Hi All,
I am confused about the game 'camera' for a 2d sprite based game
I have some code that initializes a win32 window and then a directX device. The code to initialize the directX window consists of the following major DirectX11 calls (the arrows just indicate the order of these calls):
D3D11CreateDevice -> CreateSwapChain -> CreateRenderTargetView -> OMSetRenderTargets -> RSSetViewports
I then load the textures I want to use using DirectxTK's CreateDDSTextureFromFile()
To draw my .dds texture I call
graphics->drawAsset(spriteData);
where spriteData is a structure that contains my textures shader resource view.
The drawSprite function uses the DirectXTK to draw my sprite as per their documentation:"
void Graphics::drawAsset(const SpriteData &spriteData)
{
g_Sprites->Begin(SpriteSortMode_Deferred);
g_Sprites->Draw(spriteData.srv, XMFLOAT2(spriteData.x, spriteData.y), nullptr, Colors::White);
g_Sprites->End();
}
Somehow in all of this my sprite appears on screen with its top left pixel location at (spriteData.x, spriteData.y).
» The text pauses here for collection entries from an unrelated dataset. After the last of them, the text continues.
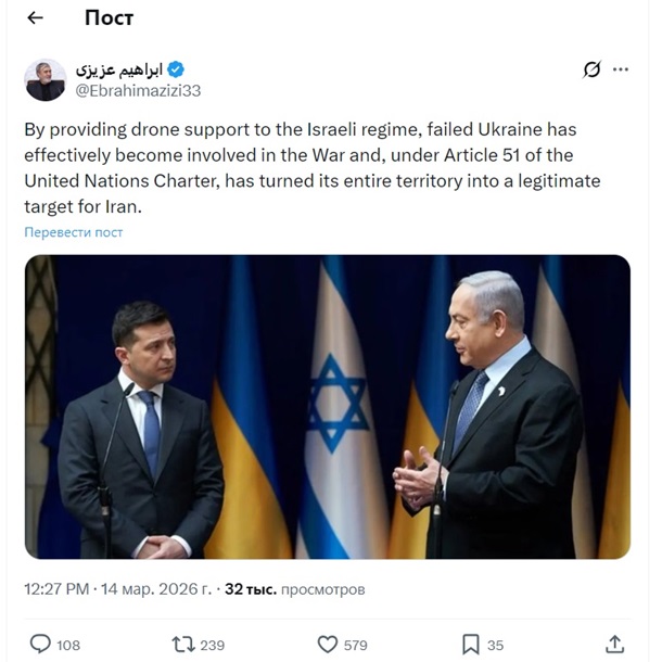 "Надавши підтримку ізраїльському режиму за допомогою безпілотників, зазнаюча краху Україна фактично виявилася залученою у війну і, згідно зі статтею 51 Статуту Організації Об'єднаних Націй, перетворила всю свою територію на законну цілю для Ірану", – написав він.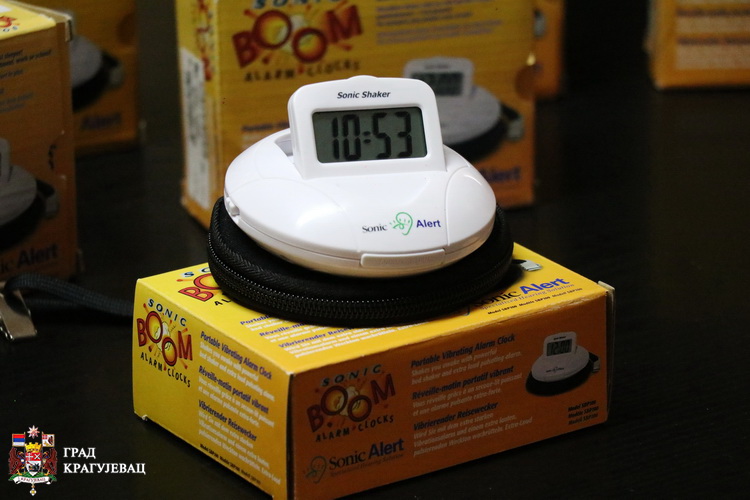 У оквиру пројекта “Приступачан град за глуве и наглуве'' др Гордана Дамњановић, чланица Градског већа за здравствену и социјалну заштиту уручила је данас осам вибрирајућих будилника члановима Удружења глувих и наглувих Шумадијског округа. Реч је о пројекту у оквиру Регионалног програма локалне демократије на Западном Балкану (РеЛОаД) који финансира ЕУ а спроводи Програм Уједињених нација за развој (УНДП).
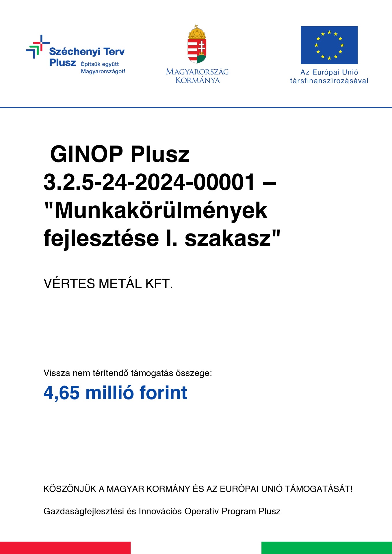 Plusz 3.2.5-24-2024-00001 – "Munkakörülmények fejlesztése I. szakasz"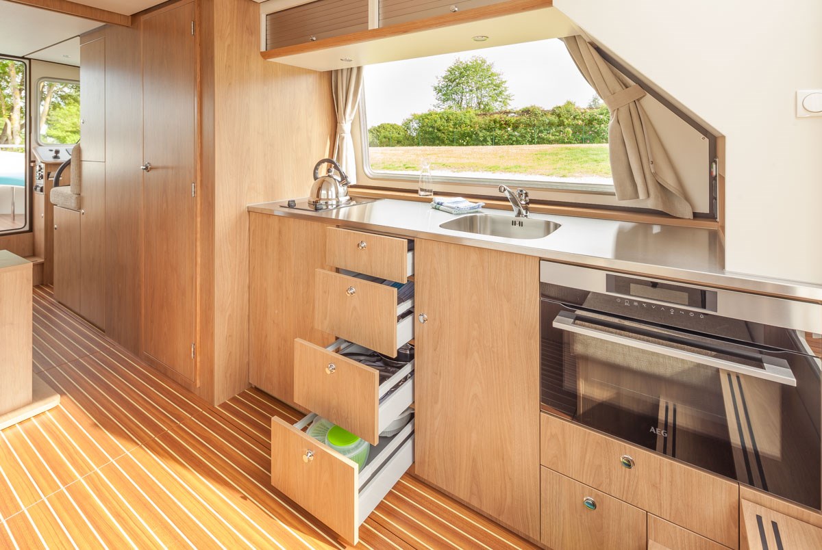 Tijdens het varen levert de generator 240 Volt voor elektrisch koken en voor de elektrische oven. Wanneer u stilligt en de hoofdmotor niet draait, levert de generator voldoende stroom voor alle hotelcomfortfuncties.

What I want to do now is zoom the camera out quite a bit, to enter kind of a 'debug' mode, where I can see the location of sprites and objects off screen.
If I was dealing with 3d objects I have a feeling I could do this quite easily by modifying the view matrix. The directX tool kit has a nice example "SimpleSample_Desktop_2012_Win8" where they draw some models and a sprite. Even in their example though, when I modify the view matrix only the 3d objects move, the 2d sprite stays exactly where it is e.g. changing -6.0f to -20.0f in the line...
XMVECTOR Eye = XMVectorSet( 0.0f, 3.0f, -6.0f, 0.0f );
So I am a bit confused in the view matrix's role when dealing just with 2d sprites like I am,
And also how to include an easy zoom function similar to the way the view matrix works in 3d.